Junto com o bombardeiro de tanques,
ocorreram também operações táticas de infantarias, com a divulgação de
conversas gravadas da presidente e a sincronização da agenda policial com a
agenda política do impeachment.
Etapa 4 – a divisão das forças inimigas
A corrupção política contaminou todos os
partidos, sem exceção. As delações dos executivos de empreiteiras forneceram um
amplo arsenal para a Lava Jato, podendo selecionar os alvos a serem atingidos.

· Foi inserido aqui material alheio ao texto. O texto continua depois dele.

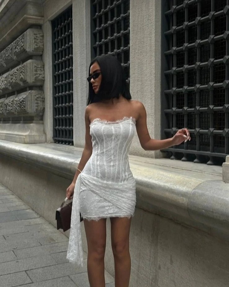 Beyaz, straplez yaka ve ince askılı, vücuda oturan mini elbise. Cesur ve Paris sokak modasına uygun, parti için ideal bir seçim.

A atuação da Lava Jato visou três
objetivos centrais, todos diretamente relacionados com os interesses
norte-americanos, dificultando radicalmente o retorno ao modelo combatido:
·
Inviabilizar rapidamente as multinacionais brasileiras que competiam com grupos
norte-americanos no exterior;
·
Derrubar o governo Dilma e, com ele, a legislação do pré-sal;
·
Inabilitar Lula politicamente.
Para que nada se interpusesse no caminho,
tratou de poupar Michel Temer, principal personagem do escândalo da
Eletronuclear, assim como Eduardo Cunha, que só foi preso depois de consumado o
impeachment. E foi por isso que a maioria absoluta dos delatores conseguiu a
libertação bastando, para tanto, as palavrinhas mágicas: Lula ou Dilma sabia.
Agora, uma checagem minuciosa mostra um
trabalho relapso, muito mais focado na quantidade que na qualidade das
delações. Mas obedecia à estratégia de comunicação, de não dar um minuto de
folga aos inimigos (PT e Lula). Cada declaração, mesmo vazia e sem provas,
alimentava o noticiário diário, insuflava o clamor das ruas e atraía adesões do
Judiciário.
Etapa 5 – a ocupação do território inimigo
A estratégia pós-impeachment consistiu em
implementar rapidamente um conjunto radical de medidas visando fazer terra
arrasada do modelo econômico vigente. Antes mesmo do impeachment já haviam sido
fincadas as bases do acordo com os coronéis do PMDB, em torno da tal Ponte Para
o Futuro. A ponto do próprio Temer, em evento nos EUA, afirmar que Dilma caiu
por não ter aderido aos pontos da tal Ponte.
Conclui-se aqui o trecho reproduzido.